26. Weinfest Bad Sulza Thüringens neue Weinprinzessin

Thüringens neue Weinprinzessin heißt Stefanie Klöck. Sie ist 21 Jahre alt und wohnt in Elxleben. Beim 26. Weinfest in Bad Sulza wurde sie von Agrarministerin Birgit Keller gekrönt.

Auf einer Bühne sitzt eine junge Frau in einem Abendkleid auf einem Stuhl. Sie ist die neue Thüringer Weinprinzessin. Um sie herum stehen zwei Kinder, eine Frau und zwei Männer.
Agrarministerin Birgit Keller (Linke) krönte die 21-jährige Stefanie Klöck zur Weinprinzessin 2018/2019. Bildrechte: MDR/Alexander Reißland

Die neue Thüringer Weinprinzessin heißt Stefanie Klöck. Beim 26. Thüringer Weinfest in Bad Sulza ist sie am Sonntagnachmittag durch Agrarministerin Birgit Keller (Linke) gekrönt worden. Stefanie ist 21 Jahre jung und in Elxleben bei Erfurt zu Hause. Ihre Lehre als Sozialassistentin in der Pflege hat sie bereits beendet und beginnt im September die Ausbildung zur Erzieherin. Aufmerksam wurde die 21-Jährige durch einen Zeitungsartikel über die Weinprinzessin Julia. Ihr Interesse an Wein kommt durch die Abstammung ihres Vaters aus der Mosel-Saar-Ruwer-Region.

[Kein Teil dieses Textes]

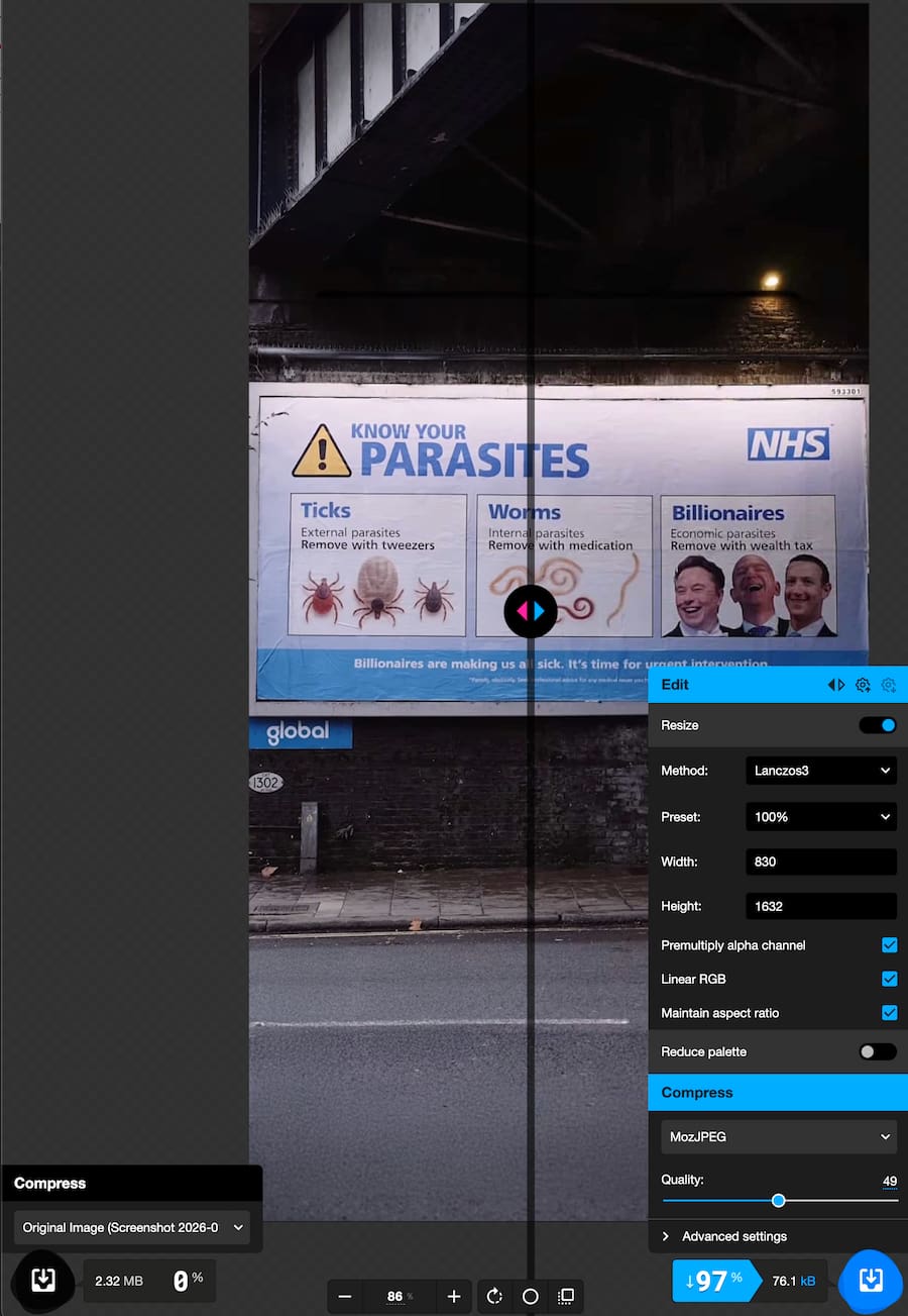You don’t need to have Photoshop, you can use free online tools. My favourite at the moment is squoosh.
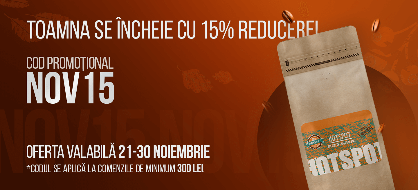 Introduce codul NOV15 în perioada 21–30 noiembrie și bucură-te de finalul de sezon alături de aroma preferată.
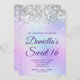 Crie seu próprio convite para comemoração de na moda 16 anos para sua filha. Gráficos cintilantes prateados decorativos formam uma borda superior. A arte digital de fundo apresenta uma folha de estilos colorida iridescente e leve. Personalize a cor do texto branco do convite ou os estilos de fonte. O texto "Sweet 16" também é personalizável. Os faíscas, brilho e folha de luxo serão criados por elementos artísticos que impressão gostam de uma foto.
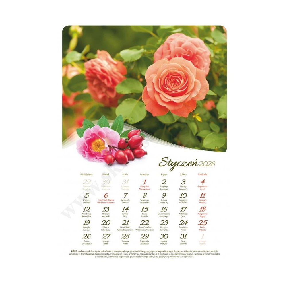 Kalendarz ścienny w układzie miesięcznym ilustrowany zdjęciami roślin mających właściwości lecznicze, np. róża, wiśnia, sosna. Fotografiom towarzyszą krótkie informacje o zdrowotnych właściwościach zaprezentowanych w kalendarzu roślin. Czytelne kalendarium pozwala zaznaczyć planowane wydarzenia.
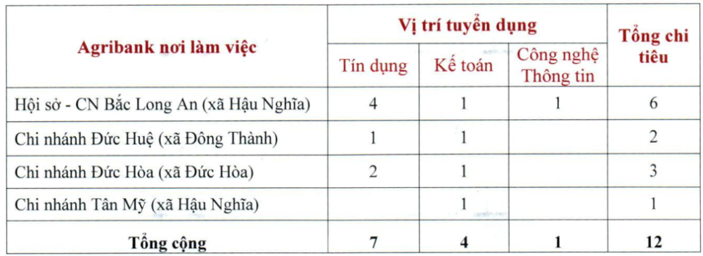 Ngân hàng Nông nghiệp và Phát triển Nông thôn Việt Nam (Agribank) - Chi nhánh Bắc Long An tuyển dụng lao động đợt 1 năm 2025 với 12 chỉ tiêu, làm việc tại các vị trí sau:

Stefanie Klöck wird die Stadt Bad Sulza und die Thüringer Weinbauregion jetzt ein Jahr lang bei vielen Weinfesten, Tourismusmessen und anderen offiziellen Anlässen vertreten. Laut Veranstalter sind es zwischen 100 und 150 Termine, die die frisch gekürte Weinprinzessin während ihrer Regentschaft besuchen wird. Der nächste Termin ist bereits am kommenden Wochenende das Weinfest in Naumburg.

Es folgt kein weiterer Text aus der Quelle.